Remember Welcome Back Kotter? It was a popular PBS documentary about the life of the students and faculty in a typical Brooklyn high school. Filmed over the course of a semester, Ken Burns Sr. followed an average group of students, called “Sweathogs,” and their average teacher, Gabe Kaplan, playing himself.

Gabe Kaplan was the MC of this concert. He took to the stage to no applause whatsoever. In the three decades since the show aired, Kaplan had shaved his moustache and trimmed his curly hair so that he looked more like the man who was about to introduce Gabe Kaplan than actually looking like Gabe Kaplan. His first joke was about how he didn’t look like Gabe Kaplan. Clearly, the decades had not been kind to his stand up routine but they were great for his bank account- he had become a very successful professional Las Vegas poker player.

Anyway, Kaplan, or Gabe, as his friends call him, didn’t do much standup, though he did make an oblique Sweathog reference and quickly introduced Gladys Knight, who introduced the Pips herself.

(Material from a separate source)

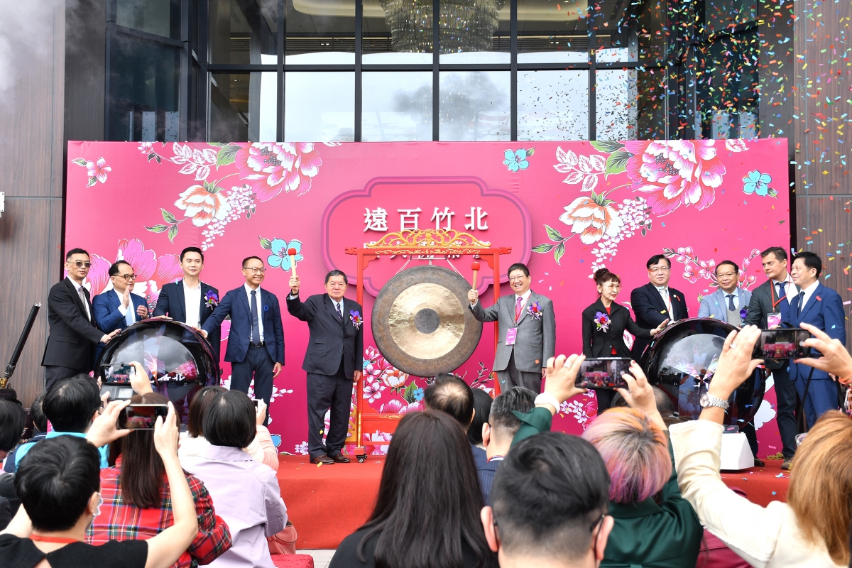 遠百竹北開幕儀式最後在眾多貴賓與民眾的見證下,一同敲響富有客家文化的好客金鑼,啟動科技智能光電球,象徵遠百竹北正式開幕、亮眼現身。

What does all this have to do with rats?

I drove to Brighton Beach for the concert, which was a mistake. At the best of times (and there are no best of times) the parking situation can best be described as, shall we say, poor, mainly because I don’t want to curse in this blog. Under the train, Brighton Beach has about 108 stores on every block, and still manages to cram about 108 apartments on every block. These 108 stores and 108 apartments each have, about, 108 cars. Factor in the approximately 108 bus stops along the street and you begin to see the problem- there are only 14 parking spots, and 12 of them are reserved for the Russian Mafia. (Check the signs- “No Parking Except for Sergei.”)

During the summer the parking situation is actually even worse

So here I come, driving down the block and lo and behold I saw someone pull out of a spot. I was stuck at a red light and prayed and prayed to my Lord that no one would come and grab it. “Please Superman, if you can hear me, please let me get that spot!” He must have heard me because the light changed and I got the spot. I sat there and basked. I had beaten the odds. I had gotten a spot in Brighton Beach. Should I play the lottery? Would this be a good time to invest in the stock market? Should I call Christine Fajen, who I totally had a thing for back then, and brag about the spot?

Well, as I was debating, a beat up sedan backed alongside of me, the window went down, and the driver started motioning with his hand in a way that seemed like a cross between American Sign Language and Crips signals.

I rolled down the window and he started yelling at me in a combination of Russian and English that I could almost, but not quite, almost barely not understand. Don’t worry, I’ll translate.

HIM: Didn’t you see me? I was waiting for the spot.
ME: You were just sitting there for five minutes. What were you waiting for?
HIM: I wanted the spot.
ME: You were four cars away, you weren’t even near the spot.

However, I was going to pull out and let him have the spot. Not so much that he was right, because he wasn’t, but because I was sure that as soon as I walked away he’d come back and slash my tires. But before I could pull out…

HIM: You think you are better than me?
ME: What?
HIM: Because you are American you think you are better than me?

Well yes, but that was beside the point. I was ready to pull out but now I wasn’t giving him the satisfaction. I shut the engine, leaned the seat back and twirled my keys. I sat there with a serene smile until he got mad and drove off, but not before giving me a final hand gesture. It wasn’t a wave goodbye.

I saw him drive down the block, turn the corner, and then I started my engine and pulled out. I’m not stupid. The last thing I needed was to come back and find a pile of pierogies where my car used to be. As soon as I pulled out four cars started jockeying for the spot until a fifth car came along and the driver pointed to the sign and pulled in. It must have been Sergei.

Again, what does this have to do with rats?

The parking spot was next to the tallest and longest pile of trash I have ever seen. It was as long as five cars and taller than me. Honestly, it was a good thing I didn’t stay because if it fell over my car would have been buried forever, like the auto industry in Detroit is today.

No wonder they have rats in Brighton Beach. I just can’t believe anyone is surprised.